The wildlife experts knew they needed help to rescue injured koalas. Research­er Dr Kel­lie Leigh was working alongside Smudge and said dogs like him made it far eas­ier to search for koalas in dense bushland. Clearly the Blue Mountains were really diff­icult hab­it­ats to survey: the trees were big, the can­opy was dense and the koalas could not be located just by looking.

Three special dogs, Tommy, Emma and Becky, and their trainer Steve Austin, searched scorched land for injured koalas in NSW. Like other detection dogs, Austin’s team was also trained to find injured koalas by tracking the scent of their scat. So far this fire season, Austin's dogs have located 16 koalas. Experts then came in to rescue the burned animals which were treated at Port Macquarie Koala Hospital in Sydney.
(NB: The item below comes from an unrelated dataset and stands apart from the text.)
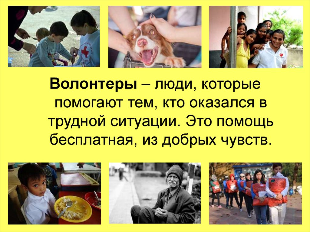 Волонтеры – люди, которыепомогают тем, кто оказался в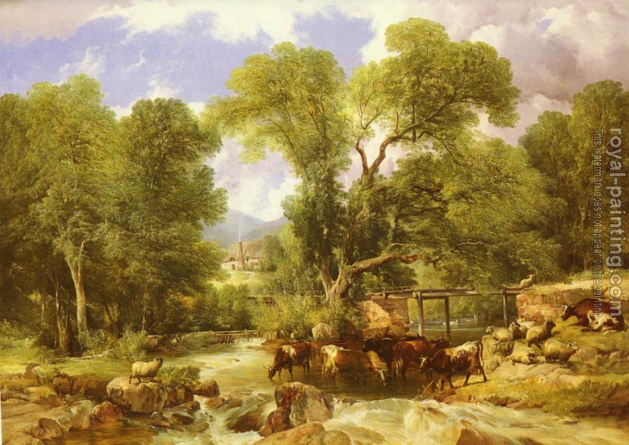 * Hand-painted Thomas Sidney Cooper Oil Painting Reproduction : A Wooded Ford

Note the koala named Flash that was found in Taree in northern NSW with burns so severe, he had to be sedated before treatment. Meanwhile, heart warming footage has emerged of firefighters giving a drink of water to two koalas they rescued from catastrophic bush­fires. Lester Miles was on his way to relieve day shift crews fight­ing a blaze burning for more than a week at Spicers Gap in Maryvale, Qld, one night when he saw the koalas surrounded by flames. The Brisbane fire fighter said the koalas would have been burnt alive if they hadn't been spotted and saved. They had nowhere to go since there was fire all around them. Coming up through there, the men had to go through the fire itself. Even more dangerous, there were a lot of trees falling over.
Now a totally unplanned, unexpected saving of a koala. A gallant golden retriever has been hailed a hero after saving an aband­oned baby koala’s life, by letting it snuggle in her fur. Proud dog owner Kerry McKinnon was shocked after discovering the tiny koala joey snuggled up with her five-year-old golden retriever As­ha. The dog owner from Strathdownie in Western Victoria said the koala probably became separated from its mother during the night and wandered onto her back porch, finding comfort in Asha’s warm fur. With early morning temperatures plummeting down to 5c, Kerry McKinnon said that the helpless koala never would have made it through the night if it hadn’t been cuddled up to Asha. The retriev­­er’s heroic feat in honour of the koala has since gone viral on social media.

 Asha the golden retriever saved a baby koala's life by keeping him warm all night.

The Word Wildlife Fund said that 30,000 koalas may have perish­ed, although the final toll won't be known for months. Worse still, koalas are known to breed so slowly that it could take 100 years for the population to rebuild. This meant that every animal that was rescued from death was crucial.